• _WHAT TO WORK ON_:
Only the lines from the one holding "С надписью Oh" through the end of the records below are to be reproduced exactly, and pictures are to be omitted.

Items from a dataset

▬▬▬▬▬▬▬▬▬▬

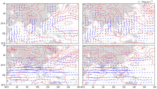 Difference of 850 hPa geopotential height field (red contours, unit: gpm), integrated water vapor flux (blue vector, unit: kg·m·s−1) between four PDO&IOD phase combinations in the preflood season over South China during 1960–2012 ((a,b) for the frontal precipitation, (c,d) for the monsoon precipitation; (a,c) for PDO positive phase &IOD positive phase minus PDO positive phase &IOD negative phase, (b,d) for PDO negative phase &IOD positive phase minus PDO negative phase &IOD negative phase).
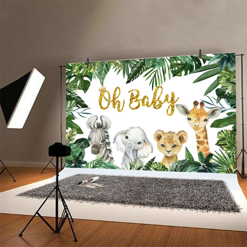 С надписью Oh Baby животных сафари джунглей фон для фотосъемки детс...
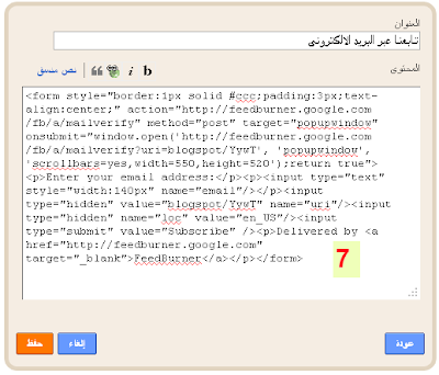الشكل النهائى لأداة اشتراك الزوار فى خلاصات المدونة عبر البريد الالكترونى
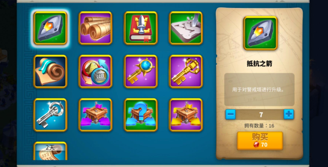 宝石购买适合应急补充,单价10宝石/个。建议仅在缺口较小时使用,优先通过每日任务和活动积累免费宝石。VIP特权礼包包含大量抵抗之箭,但需衡量性价比。注意警戒塔升级存在阶段性需求,不必过早囤积过量材料,避免资源闲置。
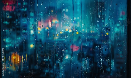 Fototapeta premium Rain pouring down on a window with city lights in the background

▬▬▬▬▬▬▬▬▬▬

• _SOLVED PROBLEM_:
 С надписью Oh Baby животных сафари джунглей фон для фотосъемки детс...
الشكل النهائى لأداة اشتراك الزوار فى خلاصات المدونة عبر البريد الالكترونى
 宝石购买适合应急补充,单价10宝石/个。建议仅在缺口较小时使用,优先通过每日任务和活动积累免费宝石。VIP特权礼包包含大量抵抗之箭,但需衡量性价比。注意警戒塔升级存在阶段性需求,不必过早囤积过量材料,避免资源闲置。
 Fototapeta premium Rain pouring down on a window with city lights in the background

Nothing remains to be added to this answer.